Her restaurant, The Lady and Sons, is on Congress St. in downtown Savannah, and we told Soph we'd give it a try. Now, friends, the word-of-mouth isn't good. I'd heard that the food was prepared without much care and that it was overpriced. But we wanted to give Miss Paula a fair shake so we checked out her website to see what hoops we'd have to jump through to get a table.

It turns out that they don't take traditional reservations. Instead, they open their hostess podium at 9:30 AM and arrange reservations for that day only. The Chupps rolled in at five past ten and were hoping for a lunch seating. Well, the line stretched to the end of the block. Mike drove around town with the kids while I waited in line. It moved quickly, but by the time I got to the hostess station, the earliest a party of five could be seated was at 8:30 PM.

When we got to the restaurant that night we had to wait in another line to check in. The hostess directed us to the Paula Deen Store next door, where she would collect us when our table was ready. It was full of the trappings one would expect at such a place: Paula Deen cookbooks and utensils, Paula Deen brand condiments and pre-packaged food, also t-shirts and aprons with sassy sayings for middle-aged, chubby home cooks to wear. We were seated on time, if not a bit early. We took an elevator to the second floor and walked past a fairly modest buffet to our table.
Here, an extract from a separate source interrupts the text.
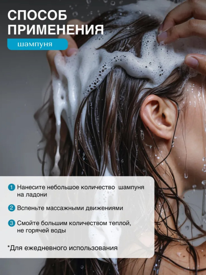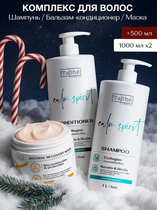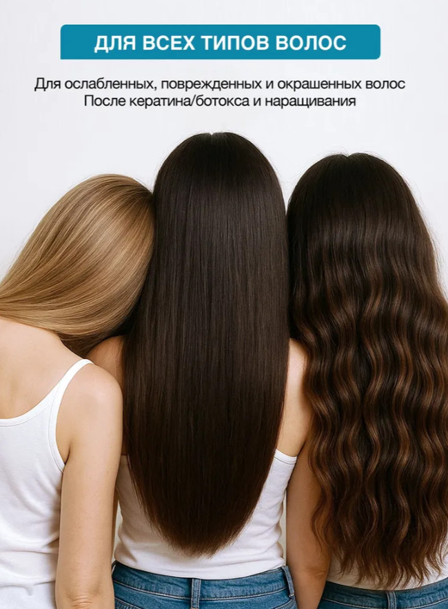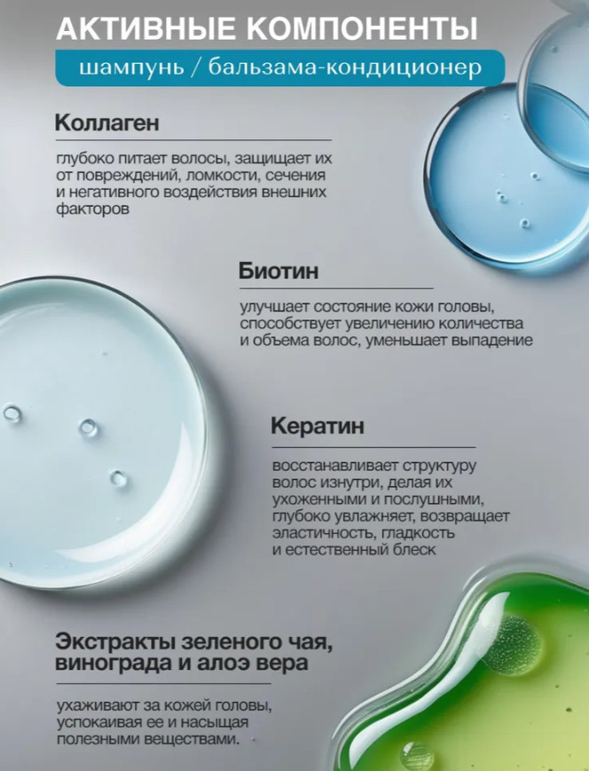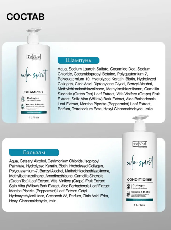 Шампунь: Aqua; Sodium laureth sulfate; Cocamide DEA; Sodium Chloride; Cocamidopropyl Betaine; Polyquaternium-7; Polyquaternium-10; Hydrolyzed Keratin; Biotin; Hydrolyzed Collagen; Citric Acid; Dipropylene Glycol; Benzyl alcohol; Methylchloroisothiazolinone; Methylisothiazolinone; Camellia Sinensis (Green Tea) Leaf Extract; vitis vinifera (grape) fruit extract; Salix Alba (Willow) Bark Extract; Aloe Barbadensis Leaf Extract; Mentha Piperita (Peppermint) Leaf Extract; Parfum, Tetrasodium Edta, Hexyl Cinnamaldehyde, Iralia.

The buffet was nearly $18 for an adult and it looked to be the cheapest thing on the menu, so that's what we all got.

We were each given a garlic biscuit and a hoe-cake to whet our appetite. I really liked the hoe-cake, eaten with syrup as suggested by our server. The buffet included fried chicken, ribs, pineapple dressing, sweet potato casserole, yams, collard greens, mashed potatoes, lima beans and green beans. There was a salad bar, but no dessert bar. Our server proudly told us that dessert came with the buffet and she brought out a tray of the choices: peach cobbler, banana puddin' and a butter cake. Between the five of us, we got to sample all three. Meh. They were OK. And the portions were small.
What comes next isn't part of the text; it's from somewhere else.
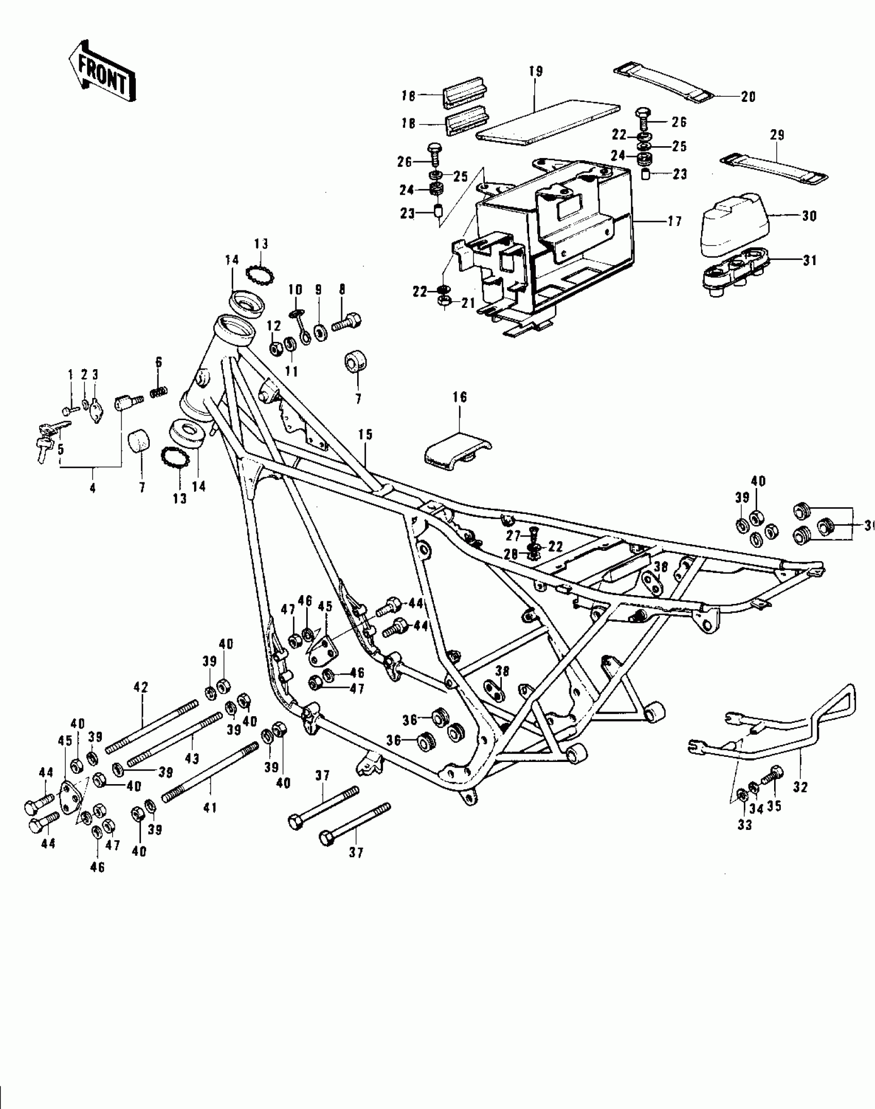 Kawasaki Mach II FRAME/FRAME FITTINGS ('74-'75 S3/S3-A) Diagram

I was glad for the chance to try collard greens, since I never had. The mashed potatoes were good. I bet they had cream cheese in them. Everyone agreed that my fried chicken is better. But absolutely no one at our table at $18 worth of food. We weren't even tempted to eat $18 worth, because it was exactly the same meal as the truck stop in South Carolina. The one named "Restaurant." Now I'm not saying that Paula's not a good cook. Maybe she is and maybe she isn't. But I AM saying that it bums me out that that since everyone believes she's a great cook, she has let herself off the hook. Instead of making sure people get great food that keep them coming back, she makes sure you have to go through the gift shop to get seated. That is cheek, ladies and gentlemen.

I guess no one would call this review scathing or anything, but I feel a little sad posting it. I really wanted it to be better. I thought the Deen family would care more. And since they don't, it feels like I can't be friends with them.

Besides, shouldn't it have been WORTH this enthusiasm?